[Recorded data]
────
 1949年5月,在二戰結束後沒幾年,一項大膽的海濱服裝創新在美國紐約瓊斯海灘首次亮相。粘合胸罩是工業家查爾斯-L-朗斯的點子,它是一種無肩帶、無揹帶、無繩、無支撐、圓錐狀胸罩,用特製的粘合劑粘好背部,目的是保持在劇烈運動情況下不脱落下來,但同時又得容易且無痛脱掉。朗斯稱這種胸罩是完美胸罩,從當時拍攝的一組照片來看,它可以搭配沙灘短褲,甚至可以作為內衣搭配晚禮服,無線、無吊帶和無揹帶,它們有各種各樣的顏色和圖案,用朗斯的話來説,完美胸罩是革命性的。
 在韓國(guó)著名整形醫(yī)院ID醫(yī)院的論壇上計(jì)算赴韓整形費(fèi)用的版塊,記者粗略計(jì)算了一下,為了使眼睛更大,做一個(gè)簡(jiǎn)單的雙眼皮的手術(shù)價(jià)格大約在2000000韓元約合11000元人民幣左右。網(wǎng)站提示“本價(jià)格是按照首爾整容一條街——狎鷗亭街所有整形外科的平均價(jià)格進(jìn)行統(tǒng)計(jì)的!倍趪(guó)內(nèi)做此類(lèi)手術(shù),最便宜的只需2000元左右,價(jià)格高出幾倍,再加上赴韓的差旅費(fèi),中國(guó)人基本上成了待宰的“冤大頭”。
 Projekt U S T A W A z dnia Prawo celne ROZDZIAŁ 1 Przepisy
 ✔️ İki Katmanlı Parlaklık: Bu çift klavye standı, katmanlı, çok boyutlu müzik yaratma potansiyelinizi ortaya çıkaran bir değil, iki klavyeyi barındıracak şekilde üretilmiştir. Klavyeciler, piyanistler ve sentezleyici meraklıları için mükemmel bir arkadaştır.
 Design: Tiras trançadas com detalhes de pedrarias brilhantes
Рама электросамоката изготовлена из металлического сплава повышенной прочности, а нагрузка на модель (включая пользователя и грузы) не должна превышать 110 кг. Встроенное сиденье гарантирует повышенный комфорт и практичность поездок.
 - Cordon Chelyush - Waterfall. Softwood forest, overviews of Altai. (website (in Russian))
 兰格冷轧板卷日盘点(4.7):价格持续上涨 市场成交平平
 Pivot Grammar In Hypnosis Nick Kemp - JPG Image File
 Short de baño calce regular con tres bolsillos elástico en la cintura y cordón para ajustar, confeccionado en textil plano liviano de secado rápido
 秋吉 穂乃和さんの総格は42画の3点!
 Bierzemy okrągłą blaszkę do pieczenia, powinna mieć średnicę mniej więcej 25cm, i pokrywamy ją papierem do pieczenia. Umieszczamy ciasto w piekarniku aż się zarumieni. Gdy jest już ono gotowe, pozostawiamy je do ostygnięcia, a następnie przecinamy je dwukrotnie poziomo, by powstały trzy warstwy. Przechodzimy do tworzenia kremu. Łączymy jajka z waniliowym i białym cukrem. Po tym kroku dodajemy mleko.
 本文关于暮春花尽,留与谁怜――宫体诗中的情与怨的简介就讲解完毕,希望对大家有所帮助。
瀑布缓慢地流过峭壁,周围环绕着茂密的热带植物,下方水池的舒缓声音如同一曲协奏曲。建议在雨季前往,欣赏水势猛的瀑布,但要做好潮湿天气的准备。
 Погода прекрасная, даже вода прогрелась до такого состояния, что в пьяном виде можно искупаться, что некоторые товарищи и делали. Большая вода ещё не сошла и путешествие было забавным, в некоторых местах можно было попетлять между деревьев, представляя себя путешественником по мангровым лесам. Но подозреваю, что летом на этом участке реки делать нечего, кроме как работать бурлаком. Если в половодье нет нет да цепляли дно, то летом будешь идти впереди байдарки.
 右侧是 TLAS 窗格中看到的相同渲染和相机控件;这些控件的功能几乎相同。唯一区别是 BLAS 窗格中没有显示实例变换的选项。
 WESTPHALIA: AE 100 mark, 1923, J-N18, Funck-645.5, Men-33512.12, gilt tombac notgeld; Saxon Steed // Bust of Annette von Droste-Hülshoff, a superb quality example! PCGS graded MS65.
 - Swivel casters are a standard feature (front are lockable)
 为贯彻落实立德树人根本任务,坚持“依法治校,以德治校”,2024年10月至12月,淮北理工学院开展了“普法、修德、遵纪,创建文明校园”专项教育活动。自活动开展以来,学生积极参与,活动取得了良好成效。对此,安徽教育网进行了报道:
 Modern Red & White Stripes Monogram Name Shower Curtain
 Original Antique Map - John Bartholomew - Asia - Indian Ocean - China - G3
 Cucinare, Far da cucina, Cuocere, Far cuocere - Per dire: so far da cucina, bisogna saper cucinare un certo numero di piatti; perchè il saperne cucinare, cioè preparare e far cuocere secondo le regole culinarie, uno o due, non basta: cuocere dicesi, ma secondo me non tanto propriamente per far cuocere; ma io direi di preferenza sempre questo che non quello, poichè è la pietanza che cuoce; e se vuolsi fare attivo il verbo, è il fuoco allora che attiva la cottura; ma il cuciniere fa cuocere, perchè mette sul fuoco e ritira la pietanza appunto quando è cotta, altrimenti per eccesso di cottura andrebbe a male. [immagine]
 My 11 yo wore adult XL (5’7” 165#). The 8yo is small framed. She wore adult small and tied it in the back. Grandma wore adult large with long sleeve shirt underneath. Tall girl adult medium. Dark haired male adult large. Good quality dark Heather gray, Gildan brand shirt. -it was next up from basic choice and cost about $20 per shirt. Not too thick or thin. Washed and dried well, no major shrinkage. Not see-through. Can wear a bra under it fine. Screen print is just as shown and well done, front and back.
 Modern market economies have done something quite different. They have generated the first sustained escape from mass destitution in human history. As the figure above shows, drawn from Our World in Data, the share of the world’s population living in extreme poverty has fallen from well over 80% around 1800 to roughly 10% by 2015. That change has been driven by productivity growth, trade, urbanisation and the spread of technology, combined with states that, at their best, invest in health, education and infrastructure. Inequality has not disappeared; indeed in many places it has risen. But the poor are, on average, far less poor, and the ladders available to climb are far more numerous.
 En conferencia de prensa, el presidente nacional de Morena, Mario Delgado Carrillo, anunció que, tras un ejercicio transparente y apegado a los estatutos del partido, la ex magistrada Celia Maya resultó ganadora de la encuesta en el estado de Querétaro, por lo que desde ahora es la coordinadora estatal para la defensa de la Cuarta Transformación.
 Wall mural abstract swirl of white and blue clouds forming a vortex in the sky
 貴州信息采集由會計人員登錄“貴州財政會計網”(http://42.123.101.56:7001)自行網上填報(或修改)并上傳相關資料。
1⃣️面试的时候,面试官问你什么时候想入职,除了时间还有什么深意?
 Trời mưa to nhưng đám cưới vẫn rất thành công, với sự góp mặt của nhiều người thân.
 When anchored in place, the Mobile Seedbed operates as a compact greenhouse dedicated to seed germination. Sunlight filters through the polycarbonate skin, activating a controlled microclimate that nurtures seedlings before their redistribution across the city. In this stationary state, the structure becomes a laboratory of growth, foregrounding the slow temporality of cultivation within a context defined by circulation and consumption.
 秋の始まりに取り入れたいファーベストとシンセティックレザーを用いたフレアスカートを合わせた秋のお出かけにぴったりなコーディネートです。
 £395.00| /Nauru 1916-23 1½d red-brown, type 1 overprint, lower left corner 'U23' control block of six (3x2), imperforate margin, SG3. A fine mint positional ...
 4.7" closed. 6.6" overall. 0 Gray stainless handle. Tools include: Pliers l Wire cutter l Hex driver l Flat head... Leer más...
────
### WHAT THE TASK REQUIRES
From the entries above, return exactly the line containing "Рама электросамоката изготовлена", the line containing "秋吉 穂乃和さんの総格は42画の3点!", and all lines between, and nothing else.

### ANSWER SPACE
Рама электросамоката изготовлена из металлического сплава повышенной прочности, а нагрузка на модель (включая пользователя и грузы) не должна превышать 110 кг. Встроенное сиденье гарантирует повышенный комфорт и практичность поездок.
 - Cordon Chelyush - Waterfall. Softwood forest, overviews of Altai. (website (in Russian))
 兰格冷轧板卷日盘点(4.7):价格持续上涨 市场成交平平
 Pivot Grammar In Hypnosis Nick Kemp - JPG Image File
 Short de baño calce regular con tres bolsillos elástico en la cintura y cordón para ajustar, confeccionado en textil plano liviano de secado rápido
 秋吉 穂乃和さんの総格は42画の3点!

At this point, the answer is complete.